I am trying to adapt the election poll modeling code http://srome.github.io/Dont-Solve-Simulate-Markov-Chain-Monte-Carlo-Methods-with-PyMC3/
to a multi-party election scenario.
The following snippet adapts it to selective polling by using masked_array, so that rather than an array of four pollers, my code now sees the polls array as polls per day, where each entry could be any poller (including possibly multiple polls from the same poller in one day).
polls = ma.masked_invalid(np.full([max_polls, num_days], np.nan))
num_polled = ma.masked_equal(np.full([max_polls, num_days], -1).astype(int), -1)
pollers = np.full([max_polls, num_days], num_pollers).astype(int)
# read poll data ...
with pm.Model() as poll_model:
prior = pm.Uniform('p', 0, 1.0, shape = 1)
sigma = pm.Exponential('sigma', 1./.2, testval=.1) # No more than 20% avg
s = pm.GaussianRandomWalk('s', sd=sigma**-2, shape=num_days)
# Margin of error prior
sigma2 = pm.Uniform('margin_of_error',lower = 0, upper = .5, shape=num_pollers + 1, testval=.05)
# Deterministic formula for mu
mu = pm.Deterministic('mu',prior + s)
# Likelihood function
poll = pm.Normal('Likelihood', mu=mu, sd=sigma2[pollers], observed=polls)
I am now trying to add covariance and multiple parties based on posts like https://austinrochford.com/posts/2015-09-16-mvn-pymc3-lkj.html. But I keep getting dimension issues:
with pm.Model() as poll_model:
prior = pm.Uniform('p', 0, 1.0, shape = [num_parties])
party_s_corr = pm.Lognormal('s_corr',
np.zeros(num_parties),
np.ones(num_parties), shape=num_parties)
party_corr_lkj = pm.LKJCorr('corr_lkj', n=1, p=num_parties)
party_corr_matrix = party_corr_lkj[party_tri_index]
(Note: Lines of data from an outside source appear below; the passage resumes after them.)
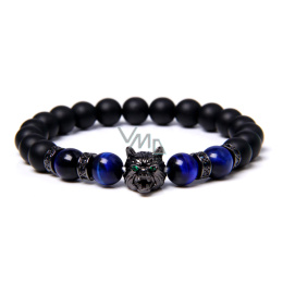 Láva černá + Tygří oko tmavě modré + Vlčí hlava náramek elastický přírodní kámen, kulička 8 mm / 21 cm
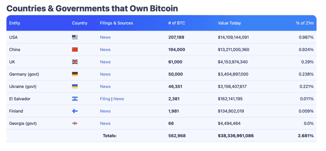 根据 bitcointreasuries 的统计数据显示,目前持有最多比特币的国家为美国,总计持有超过 20 万颗,总价值超过 140 亿美金,而排名第二的中国持有的比特币价值也同样超过百亿美金。
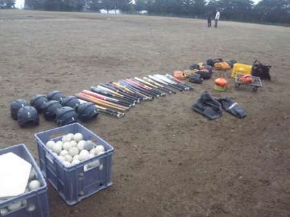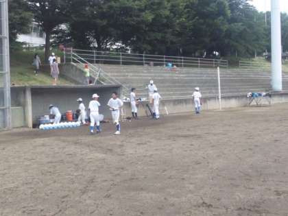 和田中学校合同で、外野と内野に分かれての練習です。
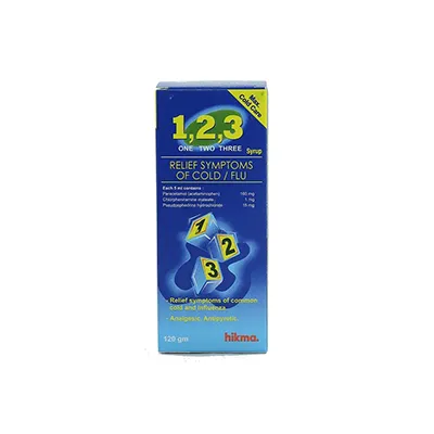 وان تو ثري شراب (one two three cold and flu syrup) يعتبر من أشهر الأدوية المستخدمة للأطفال والرضع لعلاج نزلات البرد والأنفلونزا وذلك لاحتوائه على عدة مكونات وهى مضاد للهيستامين ومسكن للألم وخافض للحرارة ومزيل للاحتقان وتساعد هذه المكونات فى تخفيف الأعراض المصاحبة للبرد والانفلونزا مثل احتقان الأنف والحمى والصداع والرشح والعطس.

party_corr_matrix = T.fill_diagonal(party_corr_matrix, 1)
party_s_diag = T.diag(party_s_corr)
party_cov_matrix = T.nlinalg.matrix_dot(party_s_diag, party_corr_matrix, party_s_diag)
s = pm.MvGaussianRandomWalk('s', cov=party_cov_matrix,
shape=[num_days, num_parties])
#
# Margin of error prior
sigma2 = pm.Uniform('margin_of_error',lower = 0, upper = .5,
shape=num_pollers + 1, testval=.05)
#
# Deterministic formula for mu
mu = pm.Deterministic('mu',prior + s)
# Likelihood function
poll = pm.Normal('Likelihood', mu=mu, sd=sigma2[pollers],
observed=polls)
I have played around with placing the input arrays in different dimension configurations, but I keep getting errors such as “Input dimension mis-match” or “operands could not be broadcast together with remapped shapes [original->remapped]: (92,11) and requested shape (92,11,5)” (there are 92 days, 11 parties, and 5 maximum polls a day in my data), both when using pm.Normal or pm.MvNormal in the end.